Nous sommes tous soumis aux mêmes impondérables de la vie. Comment expliquer que certaines personnes se réfugient dans ces pratiques, et d’autres pas ?

Il y a des personnes qui sont éduquées à une attitude que je qualifierais d’aprioriste, ce qui ne relève pas d’une attitude scientifique. Ancrés dans une tradition rationaliste, scientiste, qui donne comme allant de soi la non-réalité de certaines dimensions, ils font preuve de fermeture et dogmatisme. Poser en termes de « croyance » ou « non croyance » l’adhésion à ces approches alternatives est une erreur, car on n’a pas affaire là à des dogmes, à une « foi » (comme c’est le cas d’une religion révélée). La logique binaire : oui/non n’est pas pertinente lorsqu’on a affaire à l’expérience vécue, au ressenti, à la saisie intuitive de correspondances entre les choses. Au fond, tout comme le rituel, la science sert à contrôler l’aléatoire. Je pense que les personnes qui sous-estiment les dimensions symboliques font preuve d’ignorance, parce qu’elles n’ont pas compris la véritable nature du problème et s’obstinent à aborder la vie symbolique des humains avec comme référence le paradigme scientifique. Aujourd’hui, le questionnement soulevé sur la légitimité de cette science, qui en fin de compte s’est mise dès ses débuts au service d’un capitalisme violent, implacable, permet des ouvertures prometteuses.

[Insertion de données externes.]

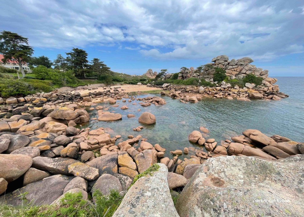 Parking pas loin du sentier pour voir les Granits Roses, accueille les CC et Van la journée. Il est bien placé c'est top !
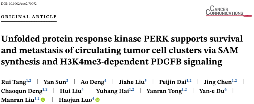 Tang R, Sun Y, Deng A, Liu J, Dai P, Chen J, Deng C, Liu H, Hai Y, Tong Y, Du YE, Liu M, Luo H. Unfolded protein response kinase PERK supports survival and metastasis of circulating tumor cell clusters via SAM synthesis and H3K4me3-dependent PDGFB signaling. Cancer Commun (Lond). 2025 Nov 10. doi: 10.1002/cac2.70072.

Ces pratiques n’échappent pas non plus à une logique capitaliste…

Bien sûr. Mais le fait qu’il y ait des gens qui se servent de ça pour gagner leur vie de manière parfois malhonnête ne devrait pas discréditer pour autant, par exemple, une pratique telle que la divination en tant que telle, ou omettre de dire qu’il y ait des sujets doués de facultés psychiques non-ordinaires, qui sont d’ailleurs étudiés par des scientifiques. La fin de non-recevoir du discours officiel se manifeste par exemple dans le fait que les détracteurs de ces savoirs revendiquent des protocoles scientifiques de plus en plus rigoureux, des conditions d’objectivations de plus en plus impossibles à respecter. Ainsi, par exemple, il suffit qu’un sceptique fasse entendre son hostilité pour que le medium cesse d’activer ses pouvoirs et s’en trouve troublé. Comment prétendre d’appliquer un protocole scientifique, fait pour un monde neutre, sans prendre en compte que les faits à prouver sont strictement associés à l’état psychologique du sujet de l’étude, très sensible à son environnement ? C’est un dialogue de sourds !

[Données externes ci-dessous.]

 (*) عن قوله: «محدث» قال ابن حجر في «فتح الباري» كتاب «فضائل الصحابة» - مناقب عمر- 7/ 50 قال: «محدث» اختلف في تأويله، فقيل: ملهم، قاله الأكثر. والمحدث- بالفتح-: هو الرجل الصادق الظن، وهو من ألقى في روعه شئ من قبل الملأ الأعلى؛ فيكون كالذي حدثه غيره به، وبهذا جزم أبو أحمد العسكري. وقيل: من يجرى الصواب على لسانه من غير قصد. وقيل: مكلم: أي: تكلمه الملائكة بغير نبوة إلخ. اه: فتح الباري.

« La question de l'efficacité est plus importante que celle de la vérité. »

Pour un citoyen moderne, il peut tout de même être désarçonnant d’imaginer que des pierres seraient porteuses de vertus, par exemple.

Je pense que la question se pose d’une autre manière. Je vous invite à regarder le documentaire d’un cinéaste Suisse, Pellerin, qui s’appelle Chacun cherche son chaman, à propos du néo-chamanisme, dans lequel il cherche à savoir si les pouvoir chamaniques sont fondés ou pas. C’est une question qui n’est pas pertinente. Si une voyante prédit que la lithothérapie va être efficace, cela produit, par ce drôle de phénomène de suggestion, un effet sur la personne. Dans ce cas, on s’en fiche de savoir si la pierre contient des propriétés actives ou pas. Il faut passer de la question vrai/faux, pertinente dans le cadre d’une étude minéralogique qui analyse les composantes physiques de la pierre, à la question efficace/inefficace sur les humains, question qui touche à un autre ordre de problème, en lien avec l’expérience existentielle et les processus d’auto-intervention de tout un chacun. La question de l’efficacité, du point de vue humain, est plus importante que celle de la vérité.